Mensenlevens gaan ook letterlijk verloren in een
vaak meedogenloze wereld. Het hier en nu vraagt
al onze aandacht. Slechts een kleine minderheid
meent dat er voorbij onze lichamelijke dood wel
degelijk consequenties kunnen vastzitten aan
een leven zonder God. Maar ook dan is er vaak
voorzichtigheid en terughoudendheid:
‘Er is een leven na de dood. Redding is dat
Jezus je dat geeft. Dat kan ook nu al in dit
leven zichtbaar zijn, er zijn glimpen van te zien.
Verloren gaan, dat is er zeker wel, maar ik ben
heel aarzelend om daar invulling aan te geven.
Het is niet een stok waar ik mensen mee om de
oren sla. Er zijn teksten waar het schuurt, maar
die wil ik wel echt lezen, ook de apocalyptische
stukken, die vragen echt om een keuze. Maar
wie dat betreft, dat laat ik liever open. Ik ga niet
uitspinnen wat er gebeurt als je tégen kiest,
maar ik probeer te laten zien wat er gebeurt als
je vóór kiest. Dat geeft perspectief, en hoop.’
(interview 8)
‘Redding is ook heel breed, en in iedere context
kan dat iets anders zijn: vastzitten is er op
allerlei manieren, en bevrijding daarvan ook.

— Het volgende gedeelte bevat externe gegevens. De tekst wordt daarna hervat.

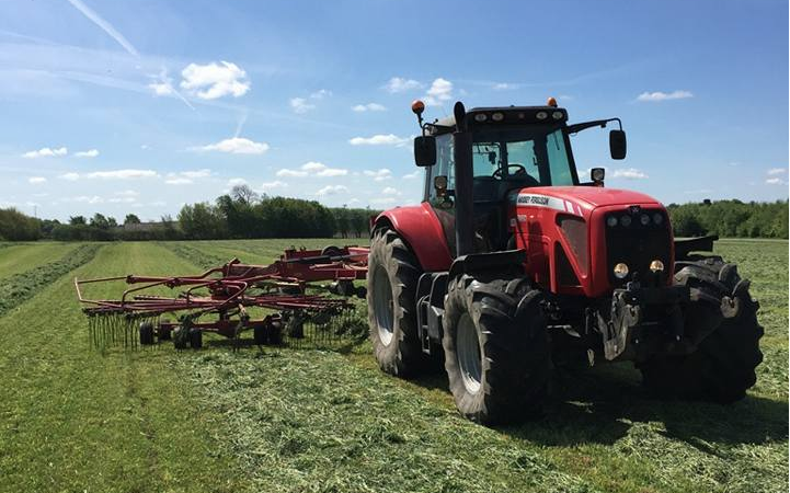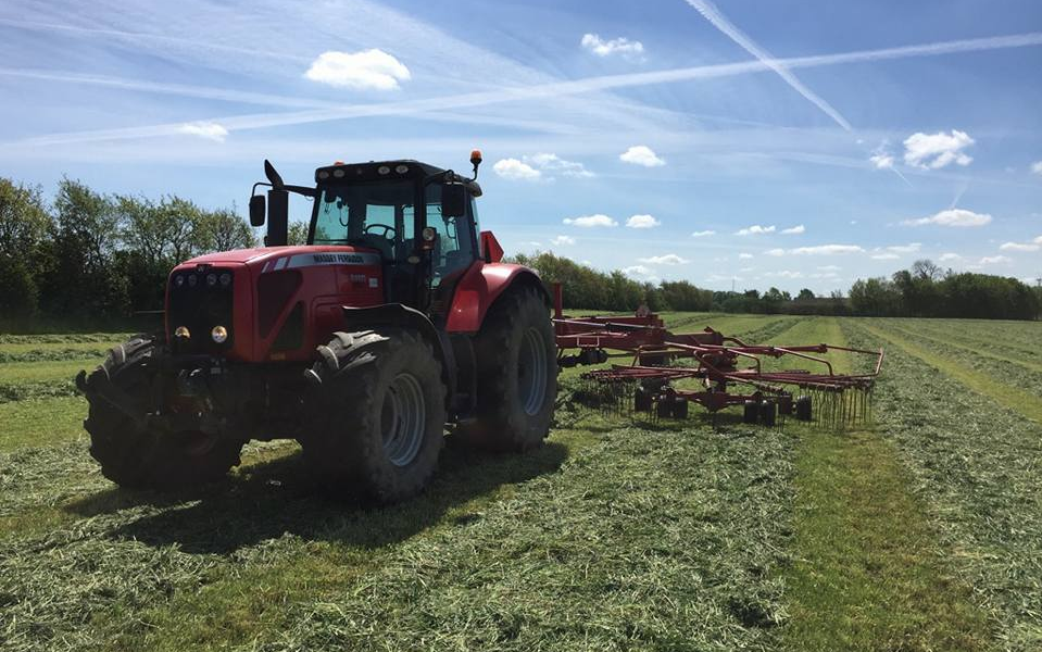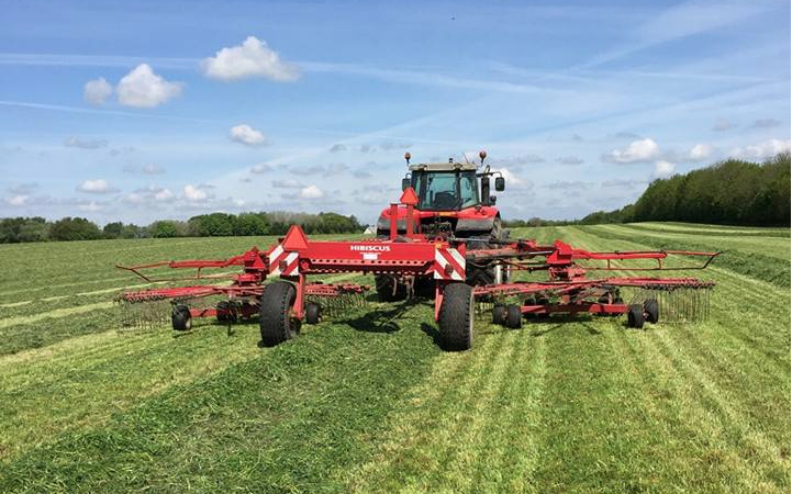 Vi tilbyder rivning af halm og græs med vores 10,5 meter Lely rive.
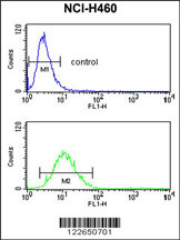 SLC25A17 Antibody (N-term) (Cat. APR10047G) flow cytometry analysis of NCI-H460 cells (bottom histogram) compared to a negative control cell (top histogram).FITC-conjugated goat-anti-rabbit secondary antibodies were used for the analysis. |
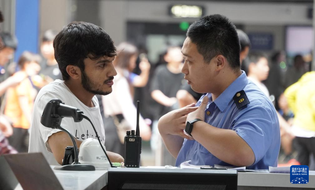 7月4日,北京西站工作人员为外籍旅客提供出行咨询。
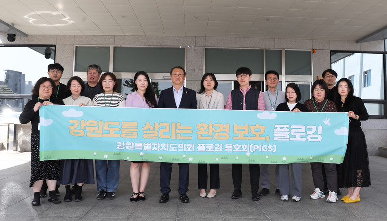 [강원도 세계타임즈=김민석 기자] 강원특별자치도의회 플로깅 동호회 ‘PIGS’의 발대식이 2024년 4월 18일 목요일 개최되었다. 플로깅(plogging)이란 ‘줍다’의 의미인 스웨덴어 ‘plocka upp’과 영어 ‘jogging’의 합성어로, 조깅을 하면서 주변의 쓰레기를 줍는 환경 정화 활동을 말한다. 플로깅을 통해 강원특별자치도에서 적극적으로 봉사활동을 펼치자는 의미를 담아 ‘Plogging in Gangwon State’의 약자인 ‘PIGS’가 동호회의 이름으로 탄생하였다.
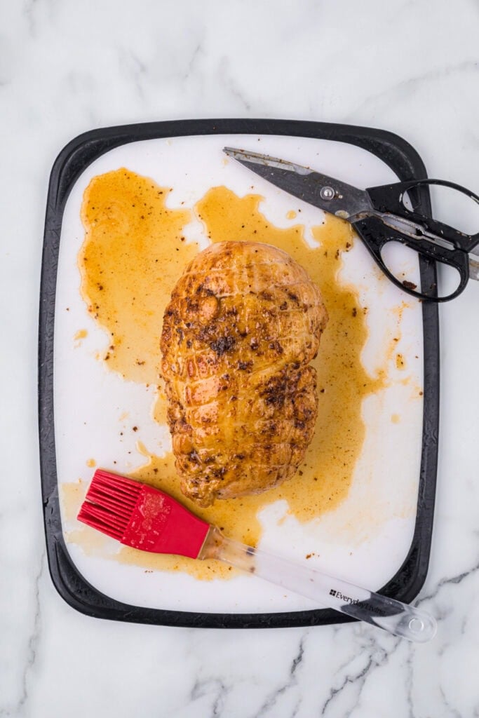 Step 3. Bake for 1 hour and 15 minutes. Remove the turkey from the oven and, using kitchen scissors, cut the netting from the turkey. In a small bowl, whisk together the melted butter and pure maple syrup, and brush the maple butter on the turkey. Return to the oven and bake an additional 30-45 minutes, until the turkey has reached 165 degrees Fahrenheit in the center of the turkey breast, brushing with the maple glaze 1-2 times more while baking.
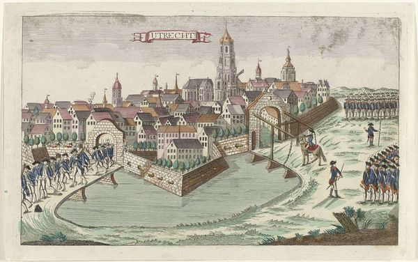 Editor: Here we have Thomas Shotter Boys' "The Tower and Mint from Great Tower Hill, plate two from Original Views of London as It Is," created around 1842. It's a print combining lithography and etching, among other techniques. I'm immediately drawn to the detailed depiction of everyday life against the backdrop of such historical structures. How do you interpret this work in terms of its historical context? Curator: Well, this print is a fascinating window into Victorian London, and its power lies in depicting these structures as part of the burgeoning urban landscape, right? Notice how Boys positions the Tower and the Mint—symbols of power and wealth—not in isolation, but embedded in a bustling scene of commerce and daily routines. It almost democratizes them, inserting them into public life. Editor: So it's making a statement about accessibility and the public role of these institutions? Curator: Precisely! By the 1840s, England was experiencing rapid industrialization and urbanization. Boys' choice to show these monuments alongside street vendors, children playing, and fashionable individuals, highlights a shift in their cultural relevance. Were these historical sites changing their socio-economic functions? Or just their image? Editor: That’s a great question. I hadn’t considered the tension between these timeless symbols and the transient nature of city life at the time. Curator: Consider, also, the deliberate choice of media – the relatively new technique of lithography made detailed images accessible to a wider audience. It wasn’t just about seeing London; it was about possessing a view of London. How does this relate to a rise in tourism? Editor: I suppose making London accessible to all would give the elite less prestige? I can also see the artist democratizing public spaces in their art. I've learned to appreciate this as more than just a pretty cityscape. Thanks for opening my eyes! Curator: My pleasure! Thinking about art as part of its social and economic world can really deepen our understanding and appreciation.
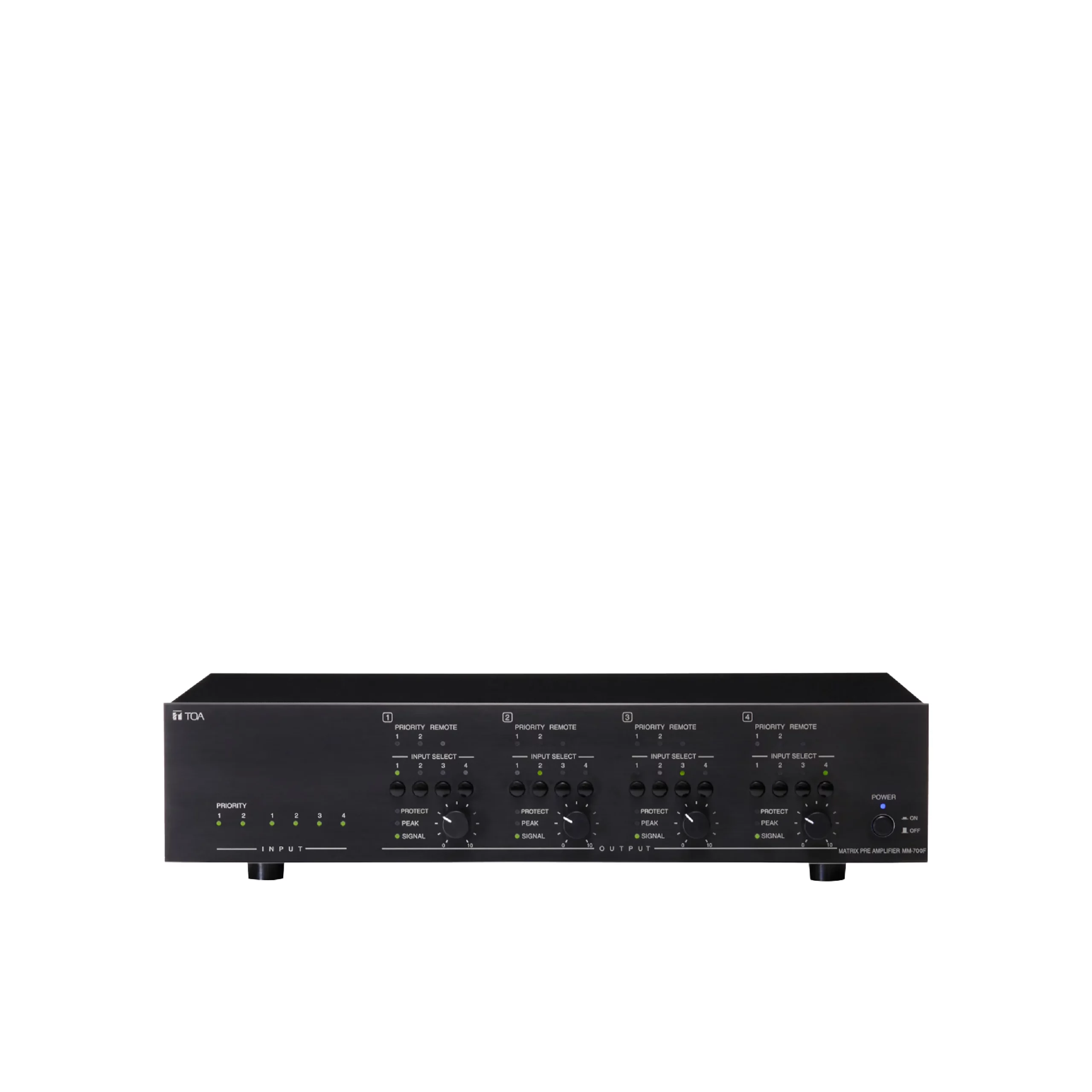 The MM-700F matrix pre-amplifier performs matrix controls from 4 LINE plus 2 MIC/LINE level inputs to 4 output channels. Each output channel features 64 DSP preset selections for general equalizations, crossover for sub-woofer, or variety of TOA’s speakers’ EQ settings. 2 MIC/LINE inputs have 1st and 2nd priority levels which can override at assigned output channels automatically or manually. If connected with optional WP-700-AM wall assignments and setup can be done by dip switches on its rear panel without laptop PC. This unit fits a wide-range of applications require multi-zone pagings and/or background music distribution at restaurants, pubs, retail stores, or factories, etc.

Een hel waar je eeuwig brandt is niet Bijbels.
Bij hel denk ik aan Moria. Verloren gaan is
ook een mogelijkheid: als iemand willens en
wetens kampbeul is ... Er is ook een eind aan
de berm, ergens is een sloot. Maar er moet wel
recht worden gedaan. Het beeld van Lewis is
wel mooi: God kan je overlaten aan je eigen
keuzes waardoor je menselijkheid steeds verder
afsterft.’ (interview 32)
In grote meerderheid doen de geïnterviewden
geen uitspraken over ‘eeuwig verloren gaan’. Ze zijn
zich bewust van hun begrenzing en laten dit over
aan Gods goedheid en wijsheid. Een op de drie
respondenten geeft expliciet aan dat ze niet kunnen
geloven dat bij God mensen definitief verloren
gaan. Twee citaten ter illustratie van deze beide
posities:
‘Redding betekent voor mij iemand uit
mensonwaardige omstandigheden halen.
Zoals houdingen, structuren, denkpatronen,
psychische moeite, etc. Ik ben niet zo van dat je
alleen gered wordt door Jezus Christus. Ik vind
oprecht dat wij niet gaan over verloren gaan voor
de eeuwigheid. Ik weet ook niet of een mens
voor de eeuwigheid verloren kan gaan, dat is
niet aan mij. Ik ben daar ook niet mee bezig.’
(interview 26)
16
‘Je kunt je menselijkheid verliezen, doordat je
niet bent, wordt, handelt wie je zou moeten,
mogen, kunnen zijn: mens voor een ander
en jezelf. Maar verloren in het kader van een
hiernamaals, daar geloof ik niks van. Alles komt
voort uit de Goddelijke Liefde en keert daarin
ook weer terug.’ (interview 1)
De voorganger als missionaire aanjager?
‘Zie je een rol voor jezelf om jouw gemeente te
stimuleren tot missionair zijn en handelen? Zo ja,
welke rol is dat en hoe vul je deze in?’ Met deze
vraag wilden we een beeld krijgen van de mate
waarin voorgangers zichzelf zien als ambassadeurs
voor missionair kerk-zijn. Het is goed om direct
maar te melden dat de kansen op sociaal wenselijke
antwoorden hier groot zijn. Het vergt immers enige
moed om te zeggen dat je als voorganger hier
helemaal geen taak voor jezelf ziet.
In meerderheid zien de voorgangers rond
missionair kerk-zijn echt een rol voor zichzelf.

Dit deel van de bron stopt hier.